Para cuando Cudberto le confesó su apego por estos nidos de amor clandestinos, Yesaida ya había experimentado en el Play la habitación Pop, Lounge, Rock y Tropical y habían cogido, las tres horas que siempre pagaban, al ritmo de cada una; le encantaba eso de coger con tema. En el Sensaciones, prefería la suite de la cama redonda, esa que tenía el espejo en el techo más grande y la luz en tonos rojos, porque las de neón, como azules, le parecían tétricas. Además, tenían siempre la promoción de dos horas, dos cervezas, dos condones por doscientos pesos.

Entre sus favoritos estaba el Private Party, porque tenía su pequeña tarima con un tubo y le encantaba hacerle a la stripper y bailar.

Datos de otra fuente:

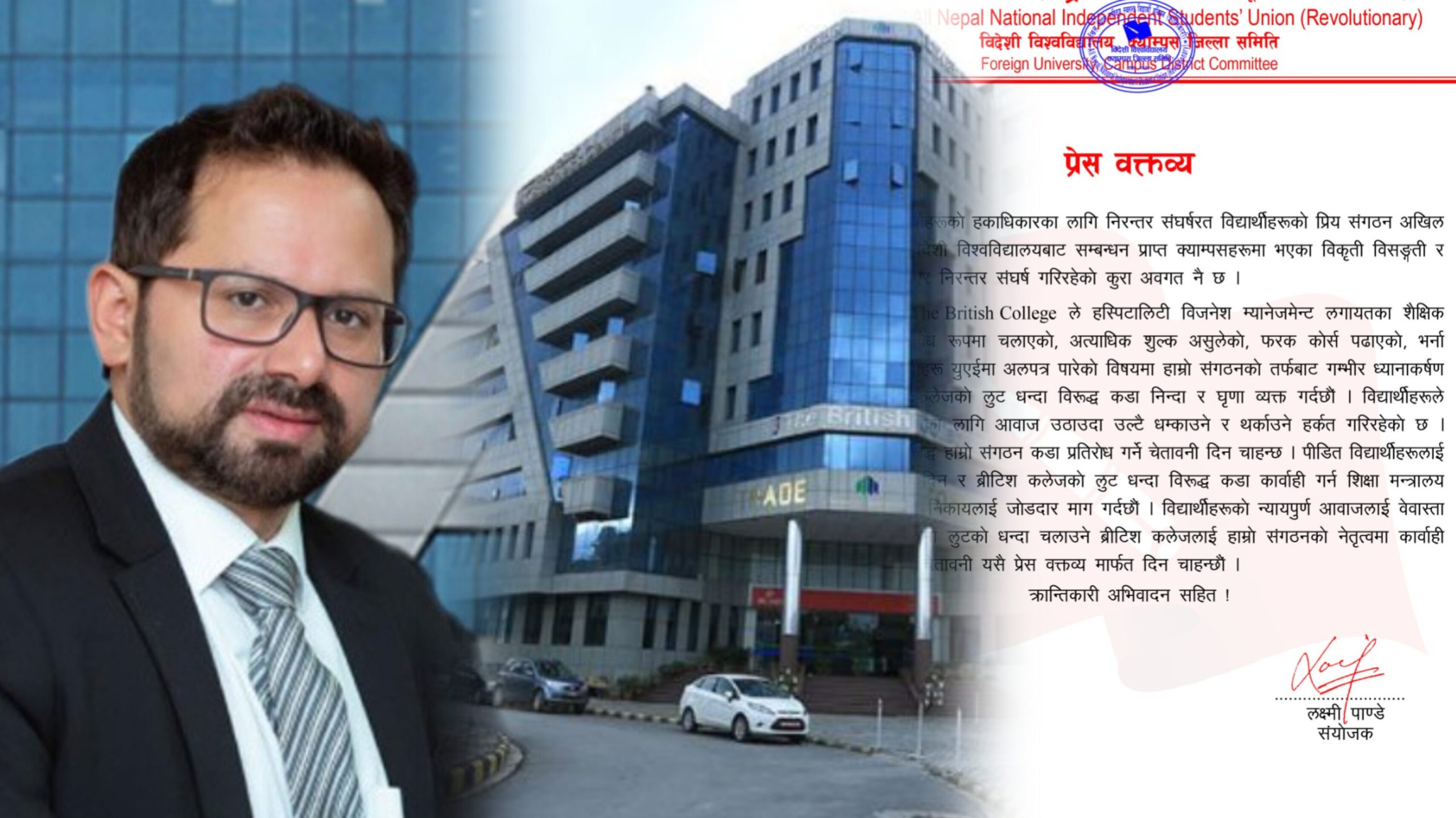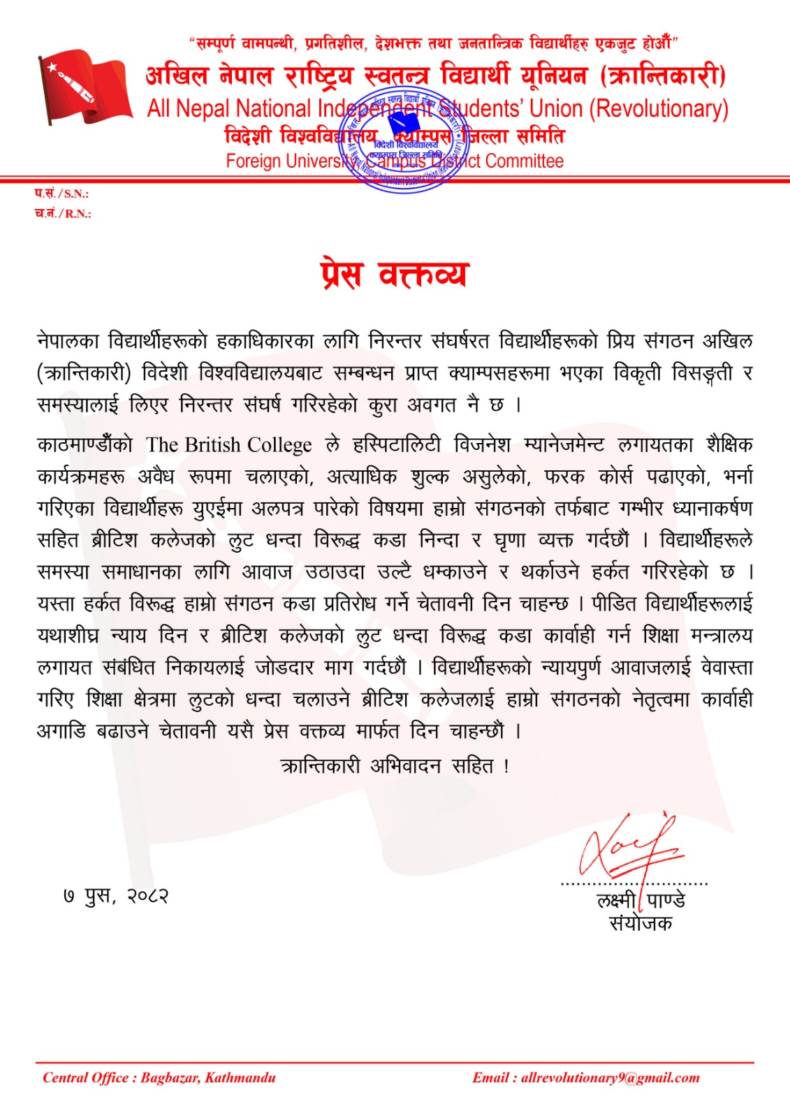 ब्रिटिश कलेजले विद्यार्थीमाथि लुटपाट गरेको भन्दै अखिल (क्रान्तिकारी) बहुमतको कडा चेतावनी

La noche de la confesión, estaban en las Cerezas que, por ser clientes VIP, les daba tres horas extras por sus trescientos pesos. Como Cudberto andaba medio bajoneado —no le quiso explicar por qué—, después de hacer el amor, se quedaron ahí tendidos platicando. Ella quiso saber desde cuándo su ardiente amante tenía esa fascinación por los moteles y Cudberto le confesó, sin recato, que desde su infancia: su madre había sido camarista en el motel de un tío suyo allá en la carretera Toluca-Morelia, cuando vivían en un pueblo cercano llamado El Pitorreal. Cudberto

apenas caminaba, pero ya andaba agarrado de la falda de su madre mientras esta lavaba baños y cambiaba sábanas. “Cada vez que entro a un motel, regreso al seno materno, a los brazos de mi madre, a su pecho, a mi infancia”, le confesó, “mi madre, entre cuarto y cuarto, se tumbaba en la cama a darme chichi y yo mamaba viendo nuestro reflejo en el espejo del techo.”

Yesaida sintió que algo dentro de ella se esfumaba; se quedó yerta, desnuda, tendida al lado de Cudberto, quien después de aquella confesión se quedó dormido, recargado en sus maternales senos, bajo el gran espejo.

Sigilosa, con la libido aniquilada, la amante descolocada tomó sus cosas y desapareció.

Cudberto siguió siendo poeta de esos que riman melancolía con todavía, de los que creen que un clavo saca a otro clavo y que no hay mal que por bien no venga; de esos enamoradizos que convierten a las chicas en exploradoras de motelitos de amor.